On President Obama’s second Earth Day in office, how far have green jobs come toward fixing unemployment and environmental ills? The administration aims for 5 million green jobs to grow in the next 10 years. Should Americans still believe the “hype?” Here’s the latest in green jobs news from around the Web:
The White House early in 2009 announced $500 million for efforts to train green workers, and this January it described job-training grants worth $100 million of that package. But that’s not nearly enough cash for an effort that should be as big as the Space Race, says pundit Jesse Jenkins. And contrary to conventional wisdom, green jobs are already being exported beyond U.S. borders.

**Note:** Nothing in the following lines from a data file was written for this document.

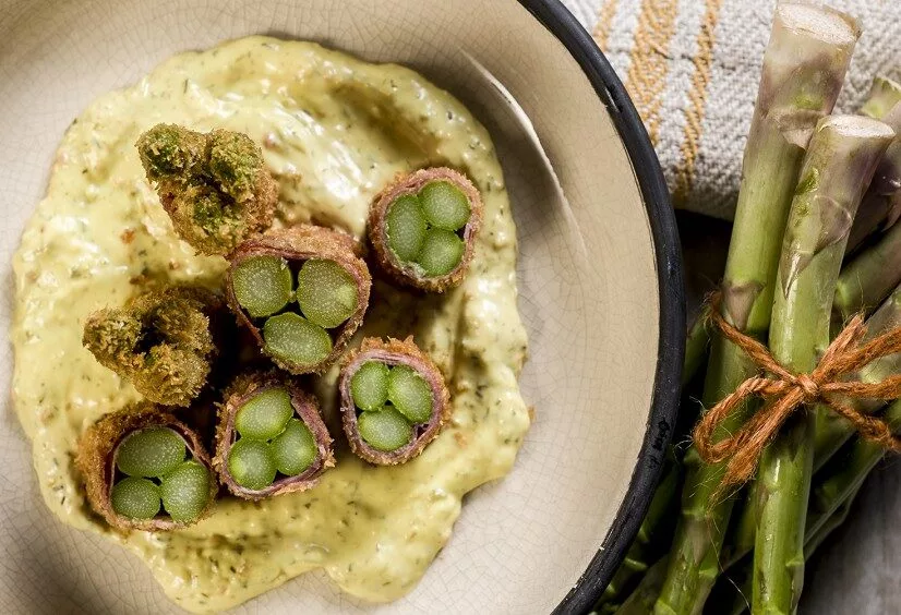 Stap 2 > Rol 3 asperges in een plakje parmaham en laat de aspergekopjes boven de ham uitsteken.
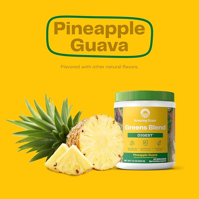 Amazing Grass Greens Blend Digest: Super Greens Powder Smoothie Mix for Digestion Support with Organic Spirulina, Chlorella, Beet Root Powder, Digestive Enzymes & Probiotics, 30 Servings
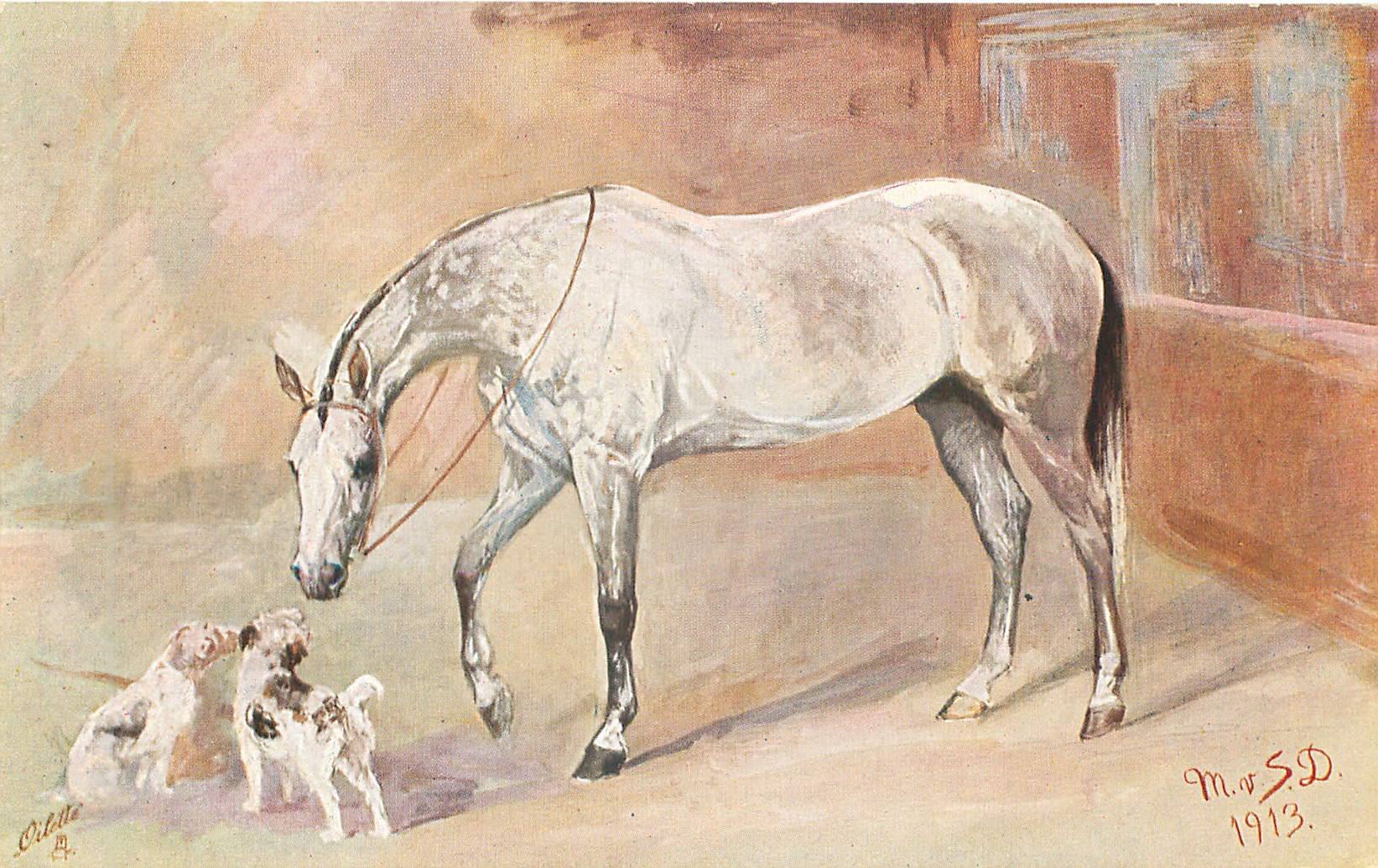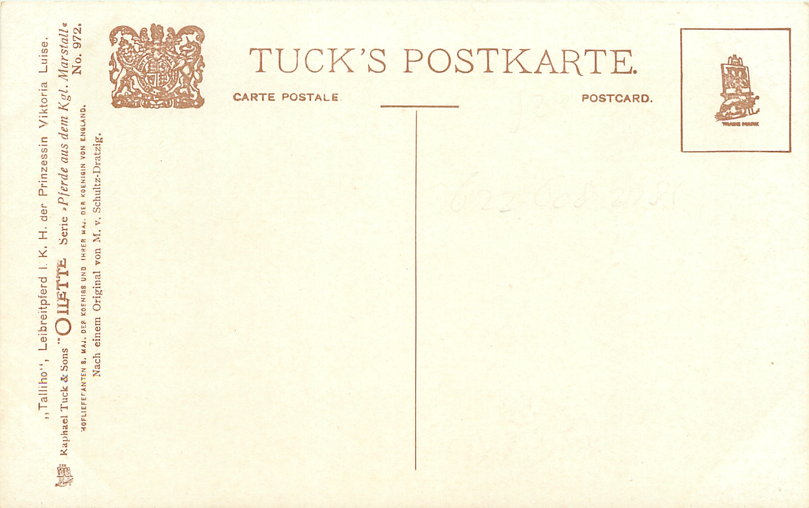 OILETTE, 2 backs, NACH EINEM ORIGINAL VON M. V. SCHULTZE-DRATZIG, same images German backs OILETTE 8681 RIDING-HORSE or PARADE-HORSE OF THE GERMAN EMPEROR
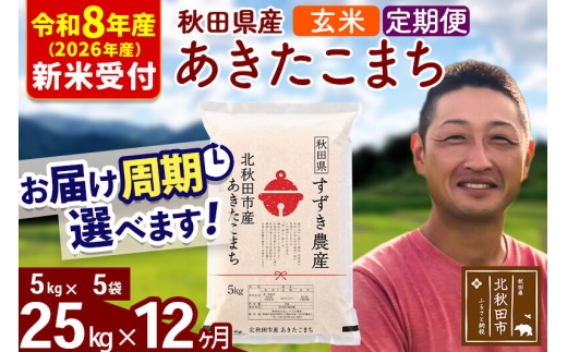 株式会社 すずき農産 ※R8産 新米予約※ 《定期便12ヶ月》秋田県産 あきたこまち 25kg【玄米】(5kg小分け袋) 2026年産 お届け周期調整可能 隔月に調整OK お米 すずき農産 [すずき農産 秋田 お米 あきたこまち 米どころ 東北 北秋田市 定期便 毎月お届け]
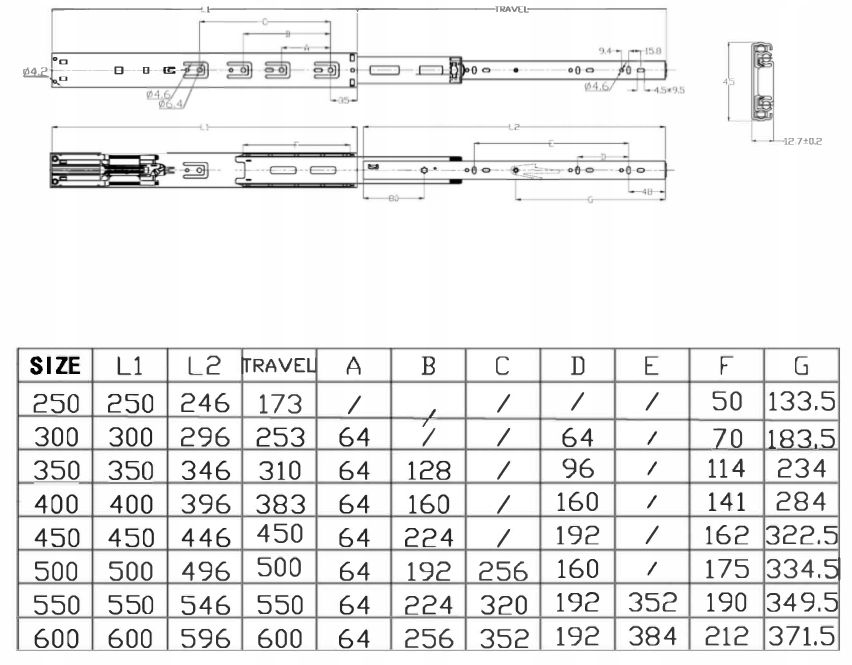SKU: BF-DUO-550 Kategorie: Akcesoria meblowe, Prowadnice, Prowadnice kulkowe

For now, “fewer than 200 factories in the United States are devoted to green production, employing no more than 15,000 workers.” Companies can apply for new, federal tax credits to boost U.S. manufacturing, but an economist finds that “fewer than 500 applications have been filed so far for the tax breaks, and if all were approved they would add just 75,000 green manufacturing jobs.”
Yet, 10 percent of employers have added new, green jobs in the past year, according to a CareerBuilder poll of 2,700 hiring managers. Among the green occupations described as earning more than $60,000 on the job Web site are hydrologist, solar energy system designer, waste management engineer and urban planner. (However, CareerBuilder’s GoingGreenJobs site was kaput on Wednesday.)